31/5/2013 às 06h59 (Atualizado em 31/5/2013 às 08h55)

Chanceler libanês rejeita presença do Hezbollah em lista terrorista

No próximo mês de junho, a União Europeia examinará a possibilidade de incluir o grupo em sua lista de grupos terroristas

EFE

Exército investiga apartamento após ataque do grupo Hezbollah na Síria Hussein Malla/AP Photo

O ministro das Relações Exteriores do Líbano, Adnan Mansur, expressou nesta sexta-feira (31) sua total rejeição a que o Hezbollah passe a fazer parte de uma lista de organizações terroristas, como cogitam atualmente a União Europeia e os países do Golfo Pérsico.

— Rejeitamos, de modo categórico, que o grupo seja incluído em qualquer lista de terroristas. O Hezbollah faz parte do Parlamento e do governo e tal atitude equivale a uma tentativa de chantagem política. Não queremos que tornem esse tema político.

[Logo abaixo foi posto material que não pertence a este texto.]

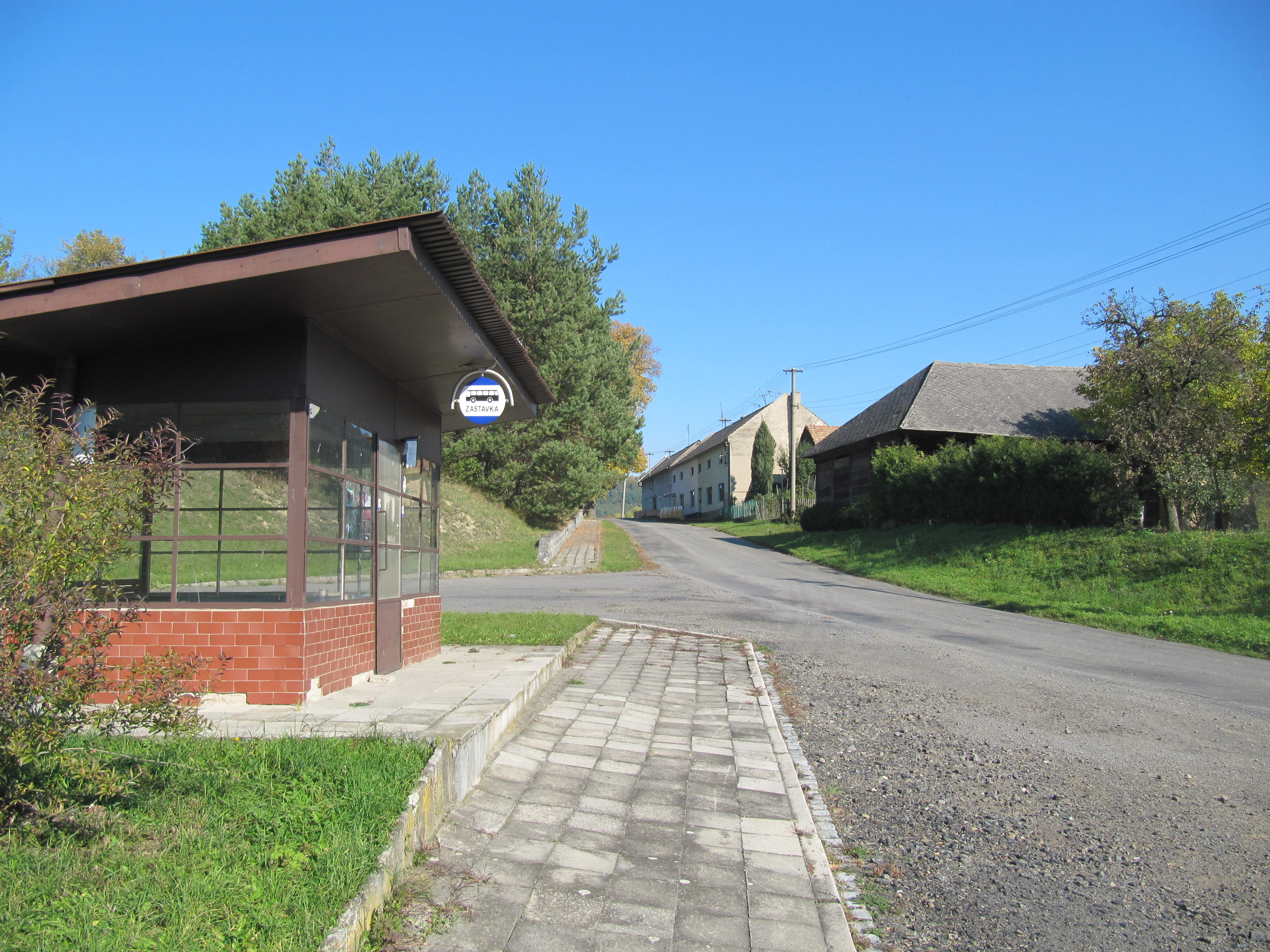 Chvalnov-Lísky in Kroměříž District, Czech Republic, part Lísky. Bus stop.

No próximo mês de junho, a UE examinará a possibilidade de incluir o galho armado do Hezbollah em sua lista de grupos terroristas, enquanto, segundo o jornal kuwaitiano Al Rai, que cita fontes diplomáticas, o Conselho de Cooperação do Golfo poderia examinar esta mesma questão em uma reunião em Jidá a pedido das autoridades do Bahrein.

Mansur acusou Israel e as potências ocidentais de pretender designar o grupo xiita como organização terrorista e, por isso, advertiu que, se isso vier a ocorrer, não garantirá estabilidade e segurança alguma.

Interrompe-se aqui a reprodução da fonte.